What the BOUND Teaches

This ML research BOUND demonstrates several patterns specific to experiment-driven development:

Fixed Evaluation Harness

The evaluation function (evaluate_bpb()) and data pipeline are DANGER ZONES because modifying them invalidates all previous comparisons. In ML research, the integrity of the evaluation is more important than any individual experiment result. If the agent could modify the evaluation function, it could "improve" val_bpb by lowering the bar rather than improving the model.

Single Modifiable File

Constraining the agent to only modify train.py is an extreme form of BOUND — it limits the entire creative space to a single file. This constraint is powerful because it forces architectural creativity within a narrow scope.

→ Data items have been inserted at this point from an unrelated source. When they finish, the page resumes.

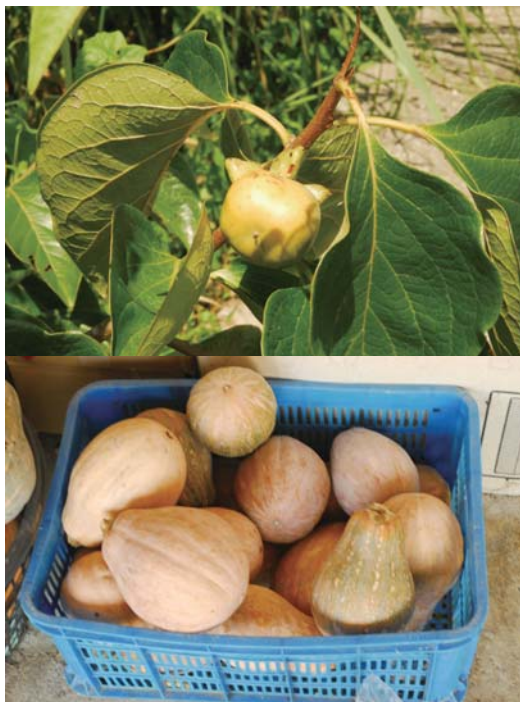
↑園子裡剛結果的柿子

著採擷芒草，用來製作掃帚，綁製芒草掃帚看似容易，實則需要許多技術，必須先處理芒花的細屑，再將分枝一一收理整齊，綁紮成束，沒有幾十年的老經驗，絕對做不來這麼細膩的功夫。以芒草製作成的掃帚，質地極為輕柔耐用，不會刮傷昂貴的地板，而且只要妥善保存，使用10年以上也不會損壞，既輕便又環保，遊客來到羅山，別忘了這項稀有又實用的伴手禮喔！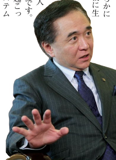
黒岩 祐治 神奈川県知事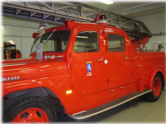
Maskinsteg (Ford 1957 från Arvika)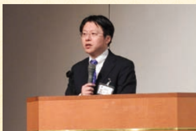
茨城県土木部 青山港湾振興監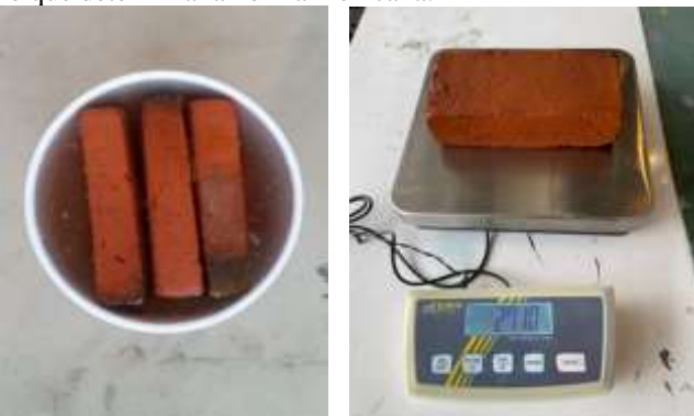
Fig. 2: Absorción total de los ladrillos.

Se registra el dato obtenido en una tabla y se compara con lo que determina la norma mexicana.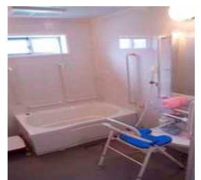
個浴も完備 ゆったりと入浴できます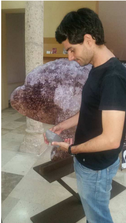
Figura impresa en 3D para ver su volumetría real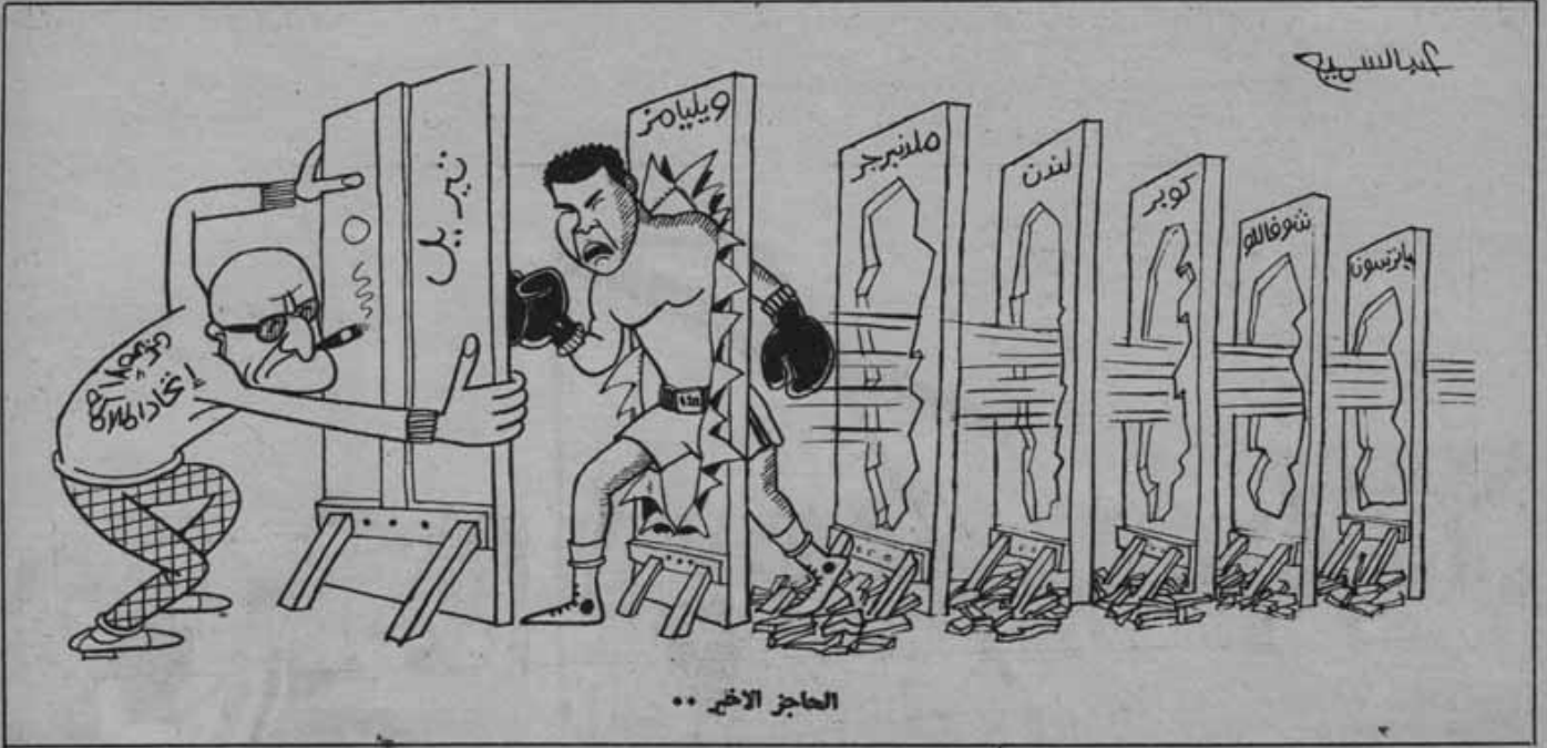
العاجز الآخر ..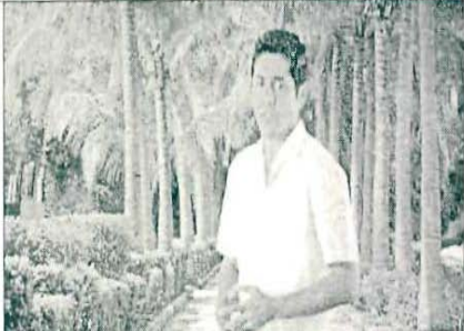
Está trabajando en diversos programas para nuestras familias y quienes nos visitan se sientan seguros...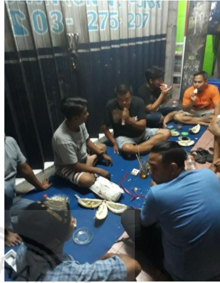
Nama suasana saat kopdar Tempat : Kopdar Jember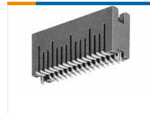
TE 产品编号 5-147383-2 20 50/50 HDR SMT.390 W/HD VC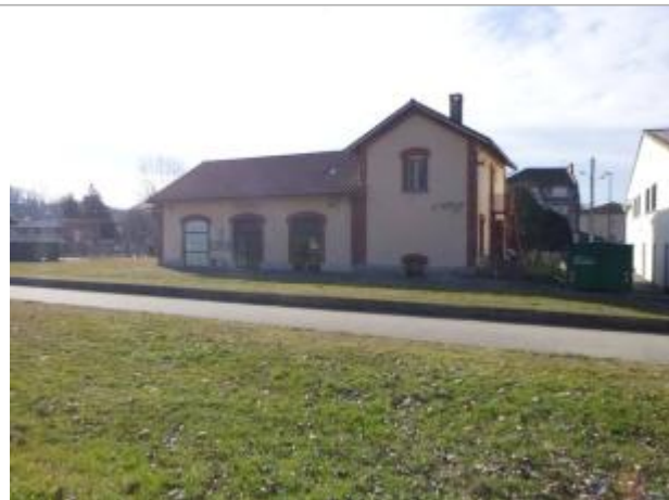
Ancienne gare

Coordonnées WGS84 : X: 0.96170600 / Y: 43.10171500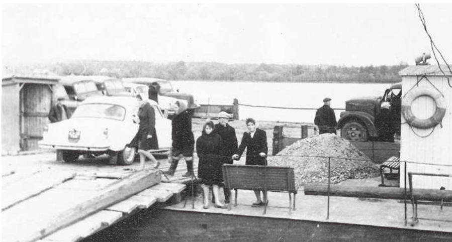
Сотрудники редакции едут в командировку за реку.

The agent must find better training strategies, not better infrastructure.

Time Budget as an IRON LAW

The 5-minute training budget serves the same function as a financial test coverage threshold: it prevents the agent from trading compute for quality. Without this constraint, the agent might "improve" val_bpb by simply training for longer, which would not be a genuine algorithmic improvement.

Revert-on-Regression

The IRON LAW "regressions revert to previous" implements autoresearch's core loop: try something, measure, keep or discard. This is autonomous remediation in its simplest form — the agent does not need to diagnose why a regression happened, it just reverts and tries something different.

Simplicity Metric

The rule "equal val_bpb with less code is a positive result" is unusual — most systems optimize for a single numeric metric. This IRON LAW adds a second dimension: code simplicity. It prevents the agent from adding complexity that does not improve the metric, which is a common failure mode in ML experiment iteration.


Applicable Domains

This BOUND pattern applies to any autonomous experiment loop:

  • ML model training and hyperparameter search
  • Compiler optimization passes
  • Algorithm benchmarking and comparison
  • Performance regression testing
  • A/B test experiment frameworks

The key pattern is: fix the evaluation, fix the budget, let the agent iterate freely on the implementation.